Posted on 31 December 2009 by hoang

cau DongNaiA new bridge that links Dong Nai province and Ho Chi Minh City opened to traffic on Dec. 30 after nearly 20 months of construction.

The launching ceremony of the new transport link was attended by Deputy Prime Minister Hoang Trung Hai.

On addressing the ceremony, the Deputy PM praised the investor and constructors as well as the relevant agencies from both the southern provinces of Dong Nai and Binh Duong for completing the project within a record period of time.

He underlined that the new bridge crossing Dong Nai River will be extremely beneficial for hauliers and passengers travelling between north and south.

The new bridge connects the two key economic regions of Bien Hoa City in Dong Nai province and Ho Chi Minh City. It will ease the heavy traffic on the current Dong Nai bridge which lies three metres away downstream.
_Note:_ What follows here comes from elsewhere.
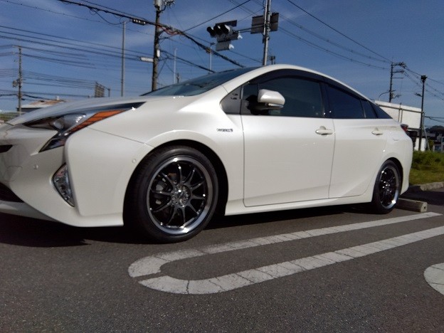 トヨタ プリウスにタイヤ&ホイールとダウンサスの装着です!
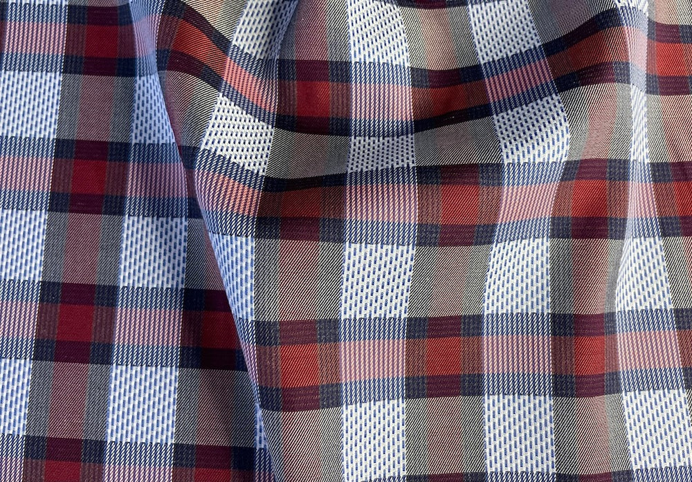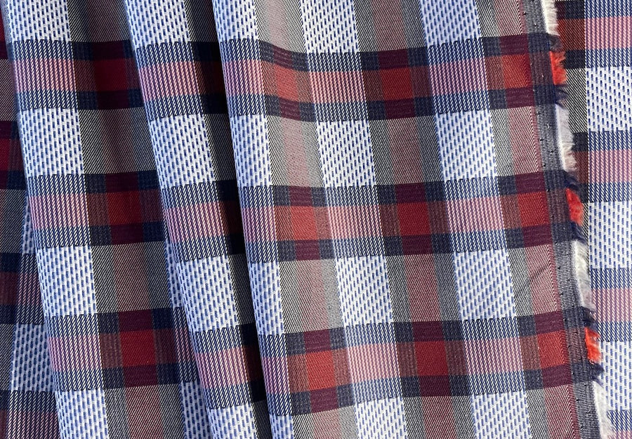 A high-end, 2-ply cotton shirting in a unique wine and bright white plaid with textured, running stitch sky blue accents - this charming shirting is perfect for bespoke shirts, springtime frocks, pajamas, or skirts. Made in Italy. 100% cotton. 58" wide.

The new bridge will take vehicles travelling towards Ho Chi Minh City while the old one will serve vehicles headed towards Bien Hoa City.

Deputy PM Hai urged the provincial authorities in Dong Nai and Binh Duong and the investor to finish the construction of approach roads.

Construction of the new bridge began in June 2008 under a Build-Operate-Transfer (BOT) contract with a total investment of 1.8 trillion VND (102 million USD). It is over 461m long and 20m wide and has five lanes./.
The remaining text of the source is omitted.